(Task objective) Only the lines from the one containing "Egal ob Raumtrenner, Organisations- oder" through the end of the data are wanted, reproduced exactly and without pictures.

↓↓↓

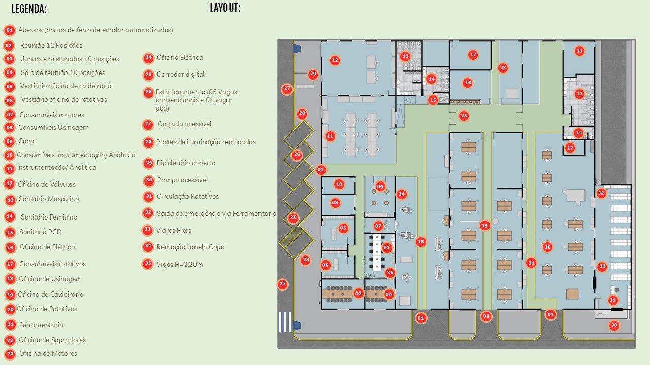 Projeto Arquitetônico para revitalização, ampliação e unificação das Oficinas de Manutenção: Caldeiraria, Rotativos e Usinagem. No conceito, “Juntos e Misturados Suzano”. Somando uma área de aproximadamente 1280m².
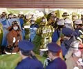 Another video on Twitter showed a bespectacled man dressed in a purple suit and bright green shirt, as worn by the Joker, seated in an empty train puffing on a cigarette, his legs crossed and looking calm. He can be seen through the window being surrounded by law enforcement in a subsequent clip.
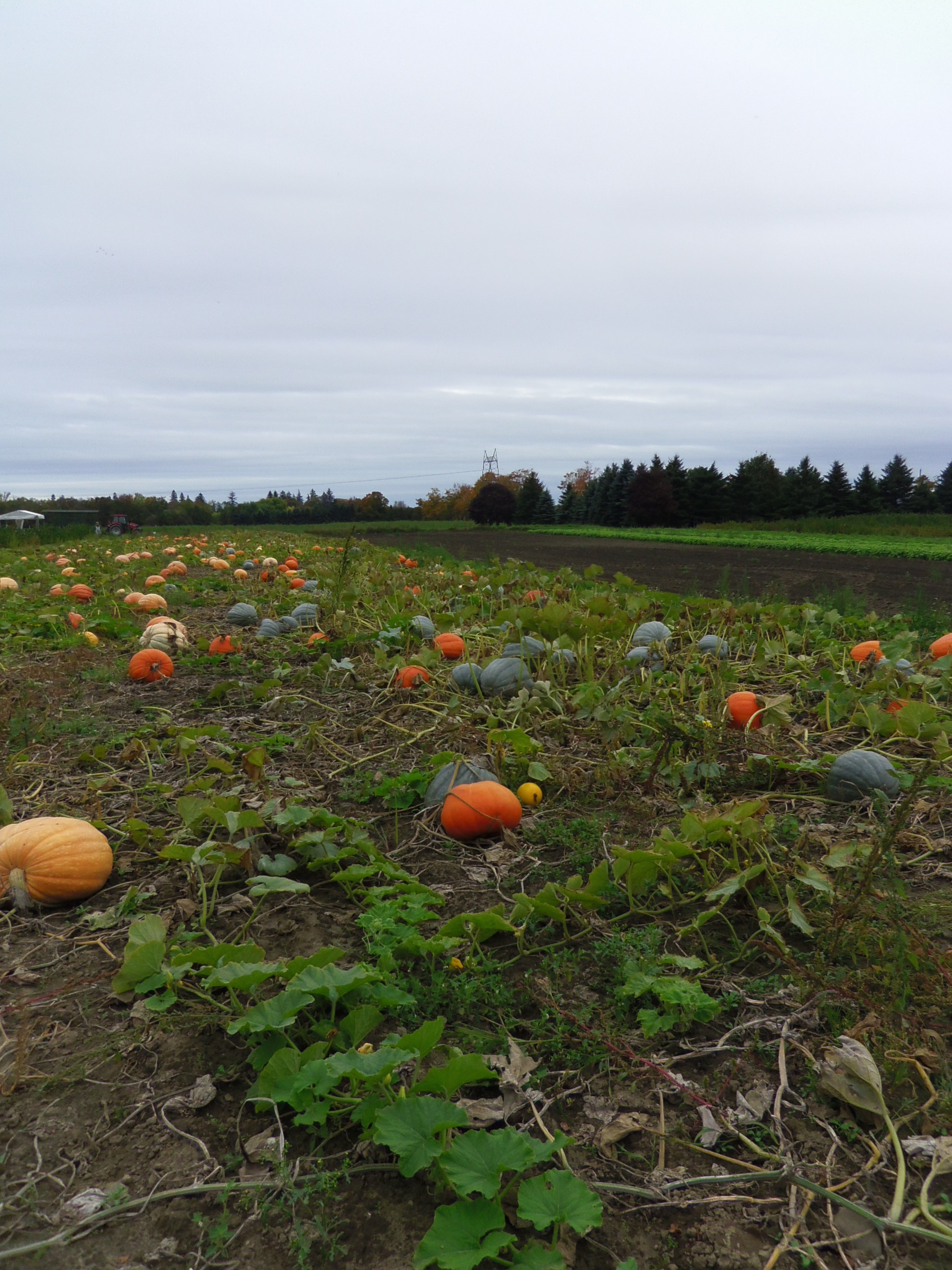 The giant pumpkins were all sorts of colors. White, creamy, pale orange, dark orange, green, and almost black. Slumped in the field among the tangled vines.
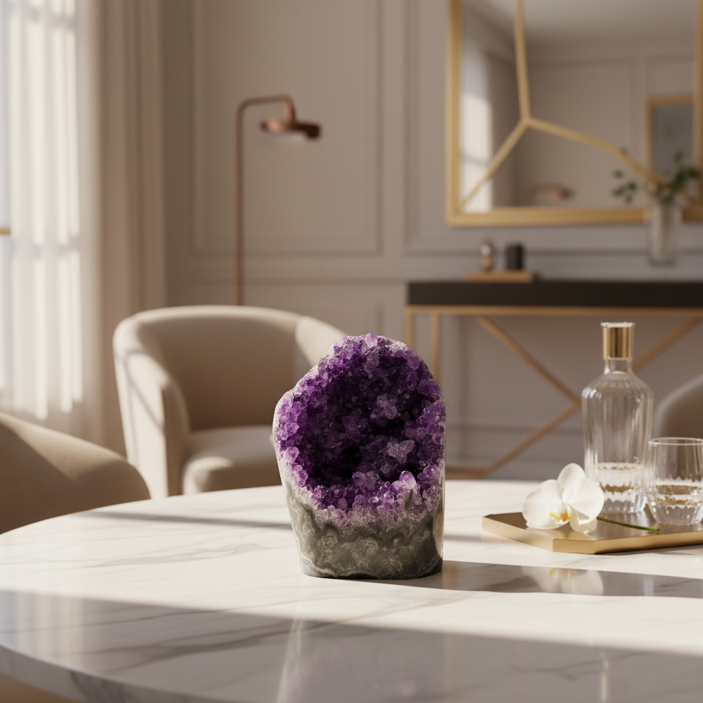 Kristal yüzeyinde bulunan doğal oluşumlar ışıkla temas ettiğinde, taşın iç dokusunu ortaya çıkaran güçlü bir parlaklık ve derinlik oluşur. Koleksiyonluk bir değer taşıyan bu model, dekoratif sergilemelerde zarif bir doğal taş detayına dönüşür.
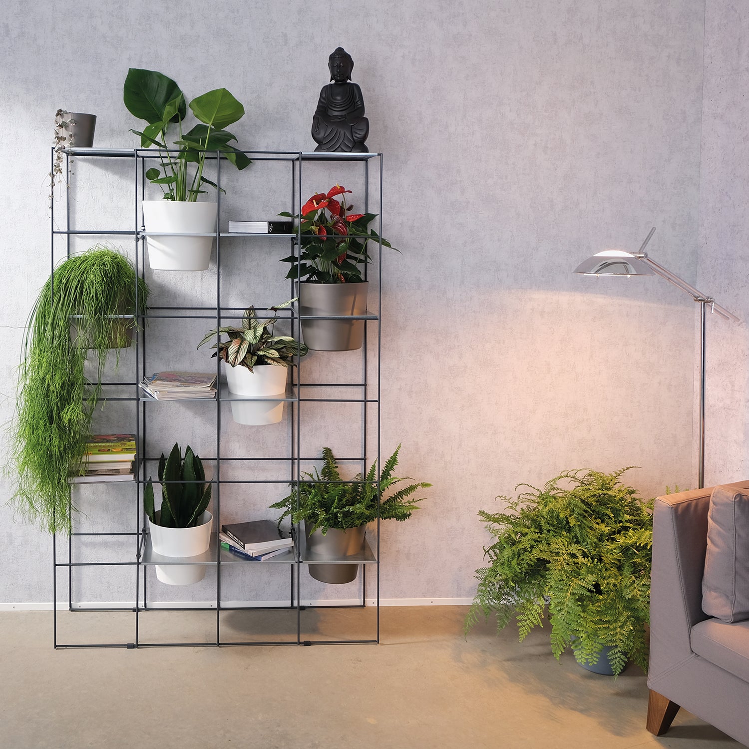 Egal ob Raumtrenner, Organisations- oder Klimahelfer, FILO bietet auf mehreren Ebenen viel Platz für Pflanzen. Mit Hilfe der Fachböden entscheidet man selbst, wie das Regal am Besten genutzt und eingesetzt werden kann.
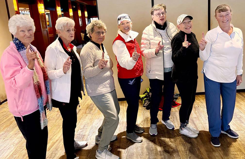 Winners of the President’s Cup event were (from left): Linda Schmidt, Karen Erickson, Betty Kollar, Joan Woodford, Joan Zerolis, Cookie Smith and Linda Sharron.

↑↑↑

(Answer below)
 Egal ob Raumtrenner, Organisations- oder Klimahelfer, FILO bietet auf mehreren Ebenen viel Platz für Pflanzen. Mit Hilfe der Fachböden entscheidet man selbst, wie das Regal am Besten genutzt und eingesetzt werden kann.
 Winners of the President’s Cup event were (from left): Linda Schmidt, Karen Erickson, Betty Kollar, Joan Woodford, Joan Zerolis, Cookie Smith and Linda Sharron.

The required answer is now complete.